Defense lawyers portrayed the Marines as victims: of early media reports that highlighted the human-rights account but did not investigate its sources, of Nicholson's undocumented contentions that Marines had killed civilians, and of a "culture of fraud" among Afghans who the lawyers said lied to cash in on U.S. condolence payments.
The defense also raised an intriguing back story of rivalries among competing commands. Several witnesses said Fox Company was resented and undermined by Army and joint Special Operations commands and even by its own Marine command. Fox Company was "set up for failure" by rival commanders who didn't ask for the unit and didn't want it, the lawyers said.
Government lawyers said some resentment was triggered by Galvin. They described him as a rogue commander so eager for combat that he nicknamed the unit "Task Force Violence" and skirted orders by "shopping" for missions likely to result in combat.
Such testimony left unanswered the inquiry's elemental question: Was the Marines' gunfire justified?
In essence, the panel is judging the actions of Marines making split-second decisions in a far-off war in which insurgents dress like -- and hide behind -- civilians. Yet those same Marines are held to rules of engagement designed, in part, to protect civilians and prevent undisciplined shooting.
The lawyer for Sgt. Peter Brooks, a gunner who fired but did not testify, described a "morally bruising environment" in the Afghan war.
"Sgt. Brooks did the best he could, under the circumstances, to safeguard the lives of his fellow Marines and to engage only valid military targets," attorney James Culp said.
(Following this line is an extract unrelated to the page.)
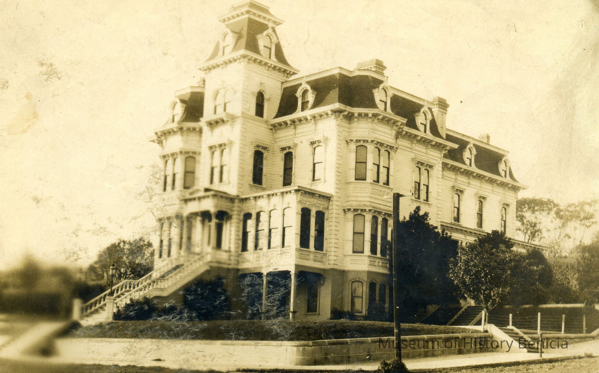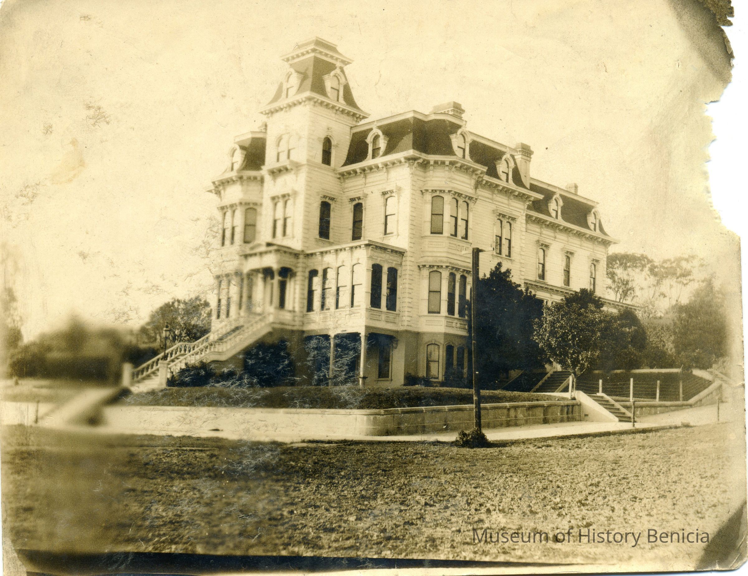This is a photograph of the Hastings mansion. It was the home of Daniel N. Hastings and his family. Daniel Hastings arrived in Benicia in 1850 and prospered as a butcher. He acquired more than 3,000 acres of land in the vicinity and served as a city councilman.

Staff Sgt. Mohamed Sheik, who rode in the convoy, said the Marines responded on March 4 precisely the way they had been trained. "And here we look like murderers in front of the world," he testified.
Sgt. Heriberto Becerra-Bravo, the driver of the Humvee that survived the car bomb, said the inquiry would leave a bitter legacy among Marines.
In the future, he said, "I would hesitate to shoot my gun . . . knowing I would have to go through this fiasco."